Texas is a patriotic state. One thing that you can always count on if you live here (especially these days) is that you’re going to see flags. A great deal of our time is spent in cars, driving by the stars and stripes in peoples’ yards, on billboards and on bumper stickers. It’s “the Power of Pride.” But as we celebrate our freedom and gear up for that moment in November when it comes time to flex our democratic muscles, Texans need to face up to how its own voting system has made Texas precisely the kind of place our founding fathers hoped to avoid when they drafted the Constitution. The Electoral College — originally created to prevent any majority from becoming to powerful — has had the opposite effect in Texas. And the negative impact it makes on democracy is, ironically, exacerbated by the House of Representatives, another institution that was also meant to protect that power of the masses.

The Electoral College, which is the system through which we elect our President, was created with two goals in mind: to prevent largely populated states from becoming kingmakers and to ensure that Presidents would be chosen based on qualifications rather than mob appeal. It achieves this by granting states a number of electors equal to their number of Senators and Representatives. Texas has 32 Representatives and 2 Senators, and thus 34 electors. The “mobocracy” factor that influenced the establishment of the Electoral College can, and often has, been criticized as an undemocratic impulse exhibited by the framers, all of who were educated, propertied white men of considerable social standing. It assumed that electors would be better equipped than voters to make intelligent, informed decisions. However, fears of populist excess were not the main impetus behind the Electoral College system and they are not what has kept it alive for over 200 years. Above all, the founders were interested in protecting the power of the states, particularly the power of less populated rural states. Property holders in general, and farmers especially, were considered the backbone of the Republic and the framers wanted to make sure that the nation’s agrarian core, spread out as is was, would not be disenfranchised.

But where does Texas fit into this equation? The Electoral College, as it operates today in Texas, undermines its original purpose, first and foremost, by giving the majority party all of the state’s power to choose a President. Founding fathers like George Washington were wary of partisanship and would turn in their graves if they knew how parties of the future would unabashedly use their power to reinforce their dominance at the expense of democracy. Texas enjoys the privilege of being the second most populated state in the nation, which gives it the second largest number of electors. But as everyone following the red-state-blue-state polling wars knows, Texans who do not belong to the majority party do not celebrate this privilege since the candidate who wins the popular vote in each state (except in Maine and Nebraska) takes all the electoral college votes. This winner-take-all policy was adopted by most states (not the federal government) in the 1830s, when political parties came to dominate the election process.
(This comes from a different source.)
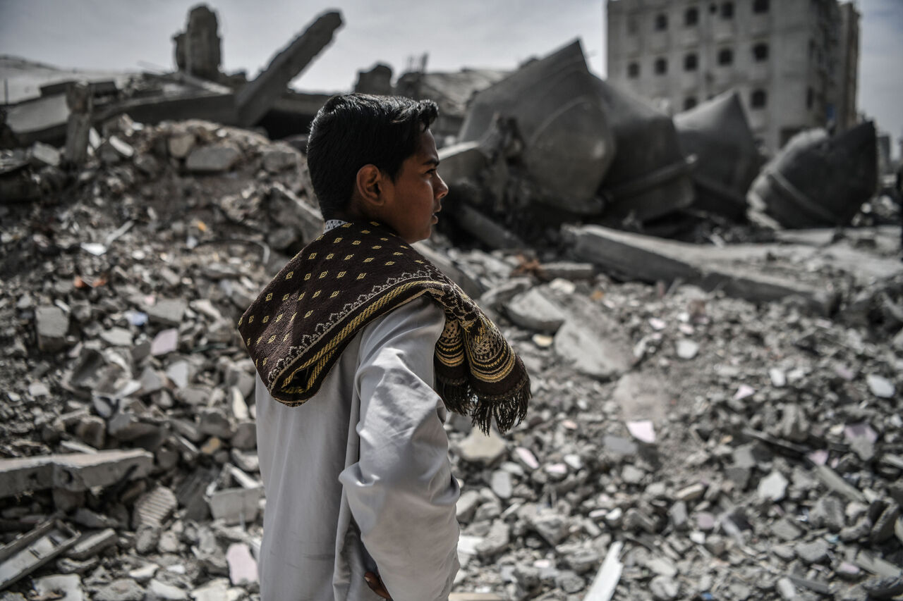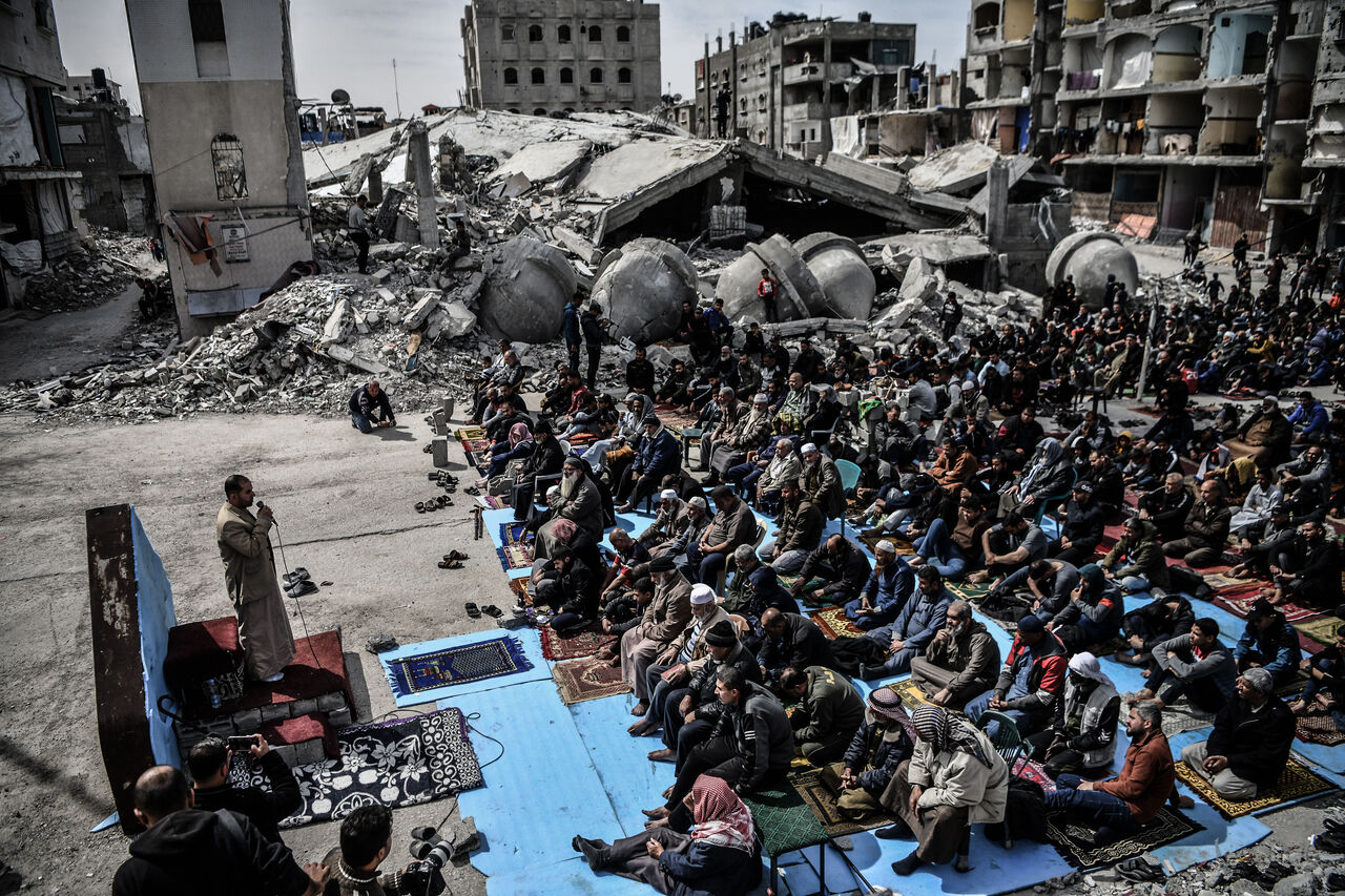 Filistinliler, cuma namazını İsrail saldırısında yıkılan caminin enkazında kıldı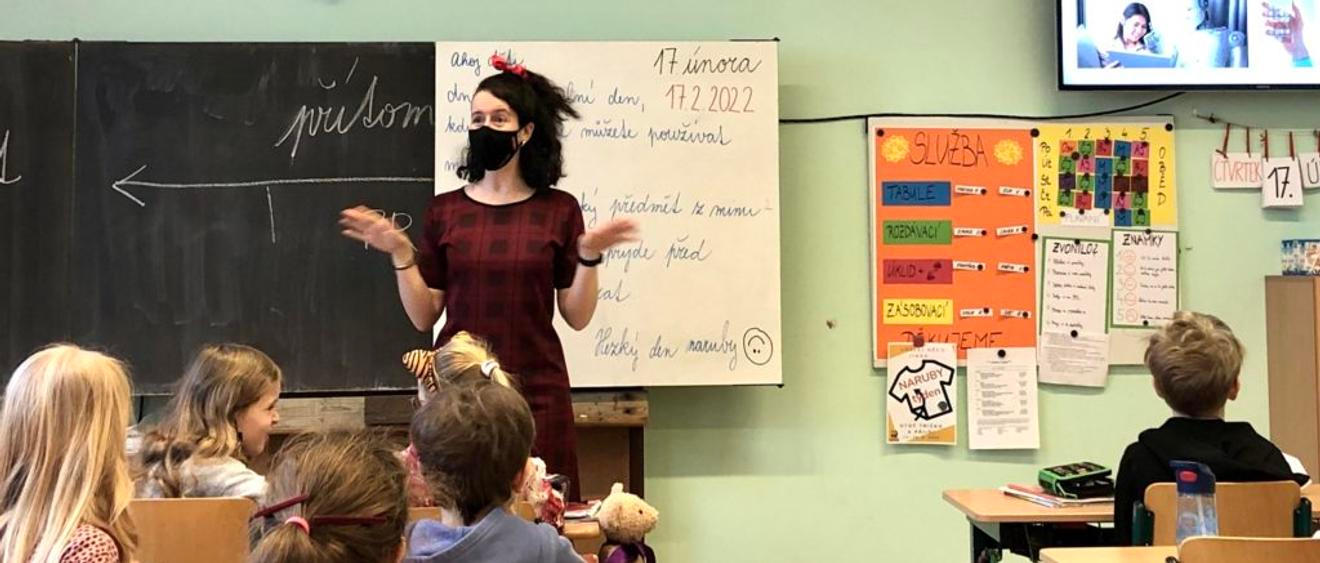 Je pátek, druhá hodina, ve 3.B začíná prvouka. Dnešní téma: současnost, minulost a budoucnost. Ale také present, past and future, protože v téhle hodině se bude mluvit i anglicky. „Co je to?“ ptá se učitelka Kristýna a kreslí na tabuli čáru, která začíná slovem minulost a končí slovem budoucnost. Děti se hlásí a správně odpovídají, že jde o časovou osu. „Do you know, how to say it in English?“ vstupuje poprvé do hovoru anglická lektorka Emily. Třeťáci odpovídají, u slova present (současnost) se někteří zarazí. „Máte pravdu, to slovo má dva významy, může to být i dárek,“ vysvětluje anglicky Emily. Na obrazovce nad její hlavou svítí anglická slova PAST – PRESENT – FUTURE, aby se během hodiny dostala pod kůži i těm, kteří je ještě neznali.

In other words, Democrats in Texas are a non-factor in this upcoming election. Also, because Texas is solidly Republican, the candidates do not reach out to voters as they do in swing states like Ohio and Florida. The clean air issue, so important to millions of people in Texas as well as California, will never get same election year attention as Yucca Mountain in Nevada, where the election is still up for grabs. The electoral allocation system in Texas also undercuts the mission of the Electoral College by disenfranchising rural people. The Rio Grand Valley, a center of Texas agriculture with an increasingly urgent water shortage problem, is a Democratic stronghold made thoroughly irrelevant by the winner-takes-all mechanism. South Texas growers and their agricultural laborers have virtually no say in how our President is chosen.

If Texans want to be patriotic and follow through with the intent of the founding fathers, they should pressure legislators to change the electoral system from winner-takes-all to proportional allocation. Such a reform would mean, for example, that the candidate who won 40% of the popular vote would receive 40% of the electoral vote. This would not undermine the U.S. Constitution, since it has always been up to the states to set their own policy for choosing electors. This is why Maine and Nebraska are able to buck the winner-takes-all tradition. There is no need to throw out the Electoral College; it could still be used to protect the power of the states.

But this will not happen anytime soon in Texas since the Republican majority has less interest in democracy and honoring the Constitution than it does in holding onto power. Winner-takes-all benefits them, so there’s no reason to consider how many people it disenfranchises. For evidence of how partisanship trumps patriotism and democracy in this state, Texans need look no further than its Congressional Districts. The U.S. House of Representatives was originally created to be the legislative body of the people, with one Congressman granted to each geographically-defined district. However, in the state of Texas (and I hasten to add, many other states) we now have Congressional districts mapped by the majority party to give them as many seats possible. Texas made history just one year ago when Republican legislators broke a longstanding tradition and redrew the districts mid-decade instead of waiting until a new census was released. As a result, we now have a convoluted map of creatively shaped districts — one of which resembles a wrench — and the Republicans will likely gain 7 seats in the House.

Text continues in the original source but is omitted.